На этом суденышке, довольно ветхом при ближайшем рассмотрении, находились три человека. Самому старшему из них, Джону Гамильтону, высокому, широкоплечему человеку могучего телосложения, было около сорока лет. У него были проницательные карие глаза - пожалуй, единственная узнаваемая черта на его лице, так как он был поразительно грязен, лохмат и небрит, отчего создавалось впечатление, что он пережил нечто ужасное, и это впечатление подкреплялось тем, что его одежда превратилась в лохмотья, а на лице, шее и плечах виднелись кровавые пятна. Два его спутника, напротив, выглядели вполне презентабельно.

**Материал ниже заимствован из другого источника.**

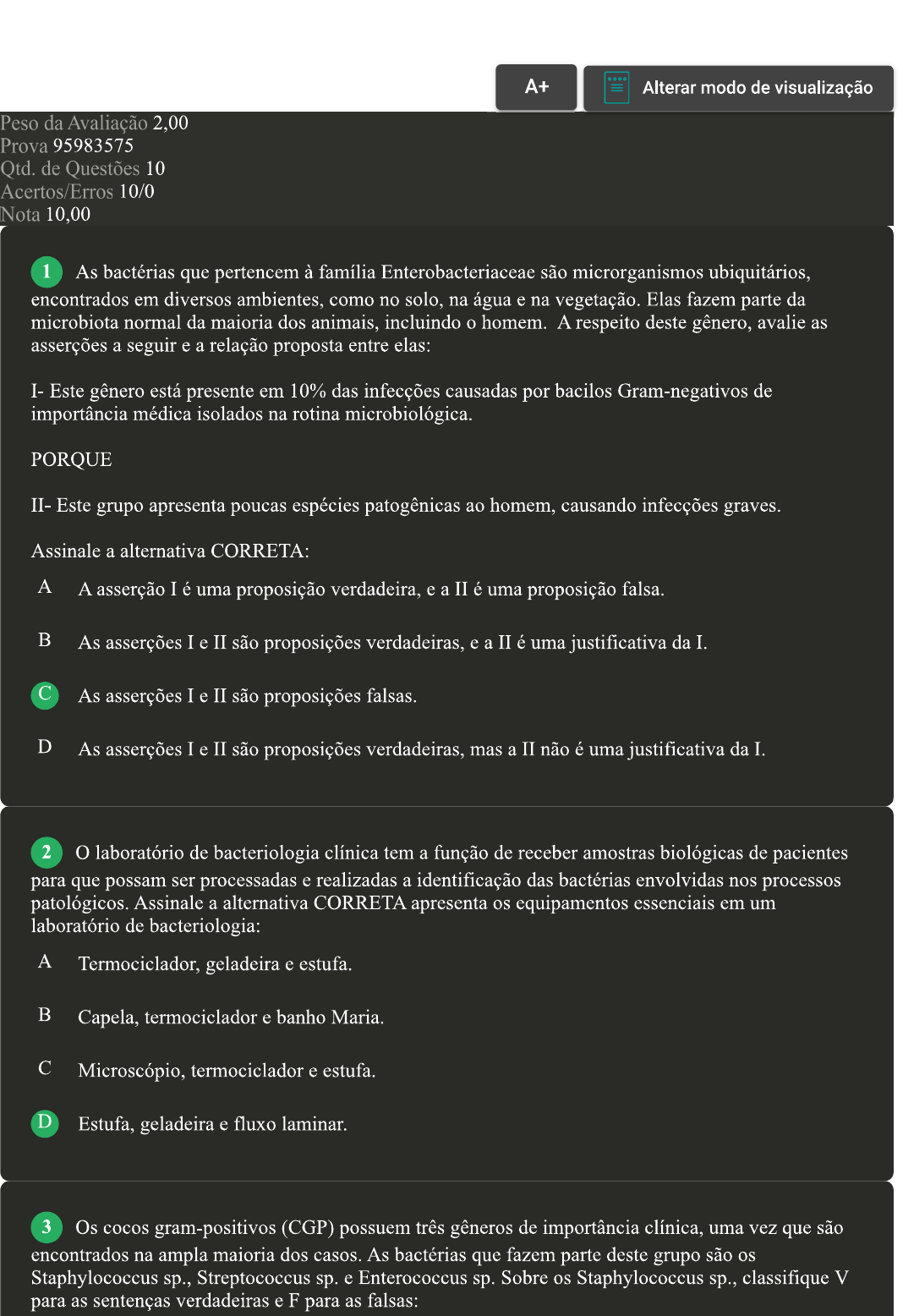 A+ Alterar modo de visualização Peso da Avaliação 2,00 Prova 95983575 Qtd. de Questões 10 Acertos/Erros 10/0 Nota 10,00 1 As bactérias que pertencem à família Enterobacteriaceae são microrganismos ubiquitários, encontrados em diversos ambientes, como no solo, na água e na vegetação. Elas fazem parte da microbiota normal da maioria dos animais, incluindo o homem. A respeito deste gênero, avalie as asserções a seguir e a relação proposta entre elas: I- Este gênero está presente em 10% das infecções causadas por bacilos Gram-negativos de importância médica isolados na rotina microbiológica. PORQUE II- Este grupo apresenta poucas espécies patogênicas ao homem, causando infecções graves. Assinale a alternativa CORRETA: A A asserção I é uma proposição verdadeira, e a II é uma proposição falsa. As asserções I e II são proposições verdadeiras, e a II é uma justificativa da I. As asserções I e II são proposições falsas. D As asserções I e II são proposições verdadeiras, mas a II não é uma justificativa da I. 2 laboratório de bacteriologia clínica tem a função de receber amostras biológicas de pacientes para que possam ser processadas e realizadas a identificação das bactérias envolvidas nos processos patológicos. Assinale a alternativa CORRETA apresenta os equipamentos essenciais em um laboratório de bacteriologia: A Termociclador, geladeira e estufa. B Capela, termociclador e banho Maria. Microscópio, termociclador e estufa. D Estufa, geladeira e fluxo laminar. 3 Os cocos gram-positivos (CGP) possuem três gêneros de importância clínica, uma vez que são encontrados na ampla maioria dos casos. As bactérias que fazem parte deste grupo são os Staphylococcus sp., Streptococcus sp. e Enterococcus sp. Sobre os Staphylococcus sp., classifique V para as sentenças verdadeiras e F para as falsas:( ) Staphylococcus aureus é um agente de variado poder patogênico, que pode causar desde simples infecções até infecções mais graves. ( ) Não possui uma elevada importância na saúde pública, principalmente por ser o responsável por inúmeras infecções relacionadas à Assistência à Saúde. Houve um significativo aumento na prevalência de cepas multirresistentes a alguns antibióticos, como os Staphylococcus aureus Meticilina-Resistentes (MRSA). Assinale a alternativa que apresenta a sequência CORRETA: A B D V-V-V. 4 Para o diagnóstico adequado, é necessário realizar a técnica de cultura, pois o isolamento é primordial no conhecimento da espécie envolvida. Sobre a cultura dos cocos Gram-positivos, classifique V para as sentenças verdadeiras e F para as falsas: Os isolamentos dos cocos Gram-positivos apresentam muitas dificuldades, pois crescem apenas em ágar seletivo. A principal prova para diferenciar os cocos Gram-positivos é a prova da coagulase. Enterococcus faecalis apresentam-se com beta-hemólise em ágar contendo sangue humano, coelho ou cavalo, mas são não hemolíticas em sangue de carneiro. Assinale a alternativa que apresenta a sequência CORRETA: A B D 5 Entre os Streptococcus spp., as espécies que mais chamam atenção na rotina clínica são o Streptococcus pyogenes, o Streptococcus agalactiae e o Streptococcus pneumoniae. Considerando o S. pyogenes, classifique V para as sentenças verdadeiras e F para as falsas: ( ) As doenças causadas pelo S. pyogenes são subdivididas em supurativas e não supurativas. As doenças supurativas variam de faringite a infecções localizadas na pele e de tecidos moles, até fasciíte necrosante. As doenças não supurativas são complicações autoimunes que ocorrem após a faringite estreptocócica. Assinale a alternativa que apresenta a sequência CORRETA: AB V-V-V. D 6 [Laboratório Virtual Preparação de Esfregaço e Coloração de Gram] Em microbiologia e bacteriologia, a coloração de Gram, é um método de coloração usado para classificar espécies bacterianas em dois grupos distintos. nome vem do bacteriologista dinamarquês Hans Christian Gram, que desenvolveu a técnica em 1884. Com relação às observações feitas no experimento de preparação de esfregaço e coloração de Gram, assinale a alternativa CORRETA: A objetivo principal do emprego da coloração de Gram é classificar as bactérias analisadas em patogênicas ou probióticas. Por se tratarem de estruturas de tamanho relativamente grande, a objetiva correta no microscópio para análise das bactérias após a coloração de Gram é a de 4x. A solução alcoólica utilizada na coloração de Gram deve permanecer em contato com a lâmina o mesmo tempo que a solução de Lugol. D Dentre os materiais utilizados na metodologia da coloração de Gram, a solução de cristal violeta é a primeira a ser empregada no procedimento. 7 Staphylococcus aureus é a mais perigosa de todas as bactérias estafilocócicas mais comuns. Essas bactérias Gram-positivas apresentam-se em forma de esferas de cocos. Sobre esta espécie, avalie as asserções a seguir e a relação proposta entre elas: I- Capacidade para crescer em condições aeróbias e anaeróbias, em um amplo intervalo de temperaturas e na presença de altas concentrações de sal. PORQUE II- Esta última característica é importante porque essas bactérias frequentemente causam intoxicação alimentar. Assinale a alternativa CORRETA: A As asserções I e II são proposições verdadeiras, e a II é uma justificativa da I. B As asserções I e II são proposições falsas.A asserção I é uma proposição verdadeira, e a II é uma proposição falsa. D As asserções I e II são proposições verdadeiras, mas a II não é uma justificativa da I. 8 [Laboratório Virtual Antibiograma] antibiograma é um teste in vitro da sensibilidade de uma bactéria a um ou mais antibióticos pela técnica de difusão em meio de ágar. Seu objetivo é orientar o clínico na escolha de um antibiótico para tratar uma infecção bacteriana e usar os dados para m

Худощавые и жилистые, они были лет на десять моложе Гамильтона. Оливковый цвет их живых, веселых, умных лиц выдавал их латиноамериканское происхождение, и они походили друг на друга, как могут быть похожи только идентичные близнецы, каковыми они и являлись на самом деле. По причинам, известным только им самим, они предпочитали, чтобы их называли Рамон и Наварро. Оба критически рассматривали Гамильтона, чье настоящее имя было, как ни странно, Гамильтон.
Рамон сказал:
- Вы неважно выглядите.
Наварро кивнул, соглашаясь:
- Сразу видно, ему многое довелось испытать. Думаешь, он достаточно жутко выглядит?
Рамон еще раз оглядел Гамильтона.
- Пожалуй, нет. Не хватает какой-то мелочи. Штришок здесь, штришок там...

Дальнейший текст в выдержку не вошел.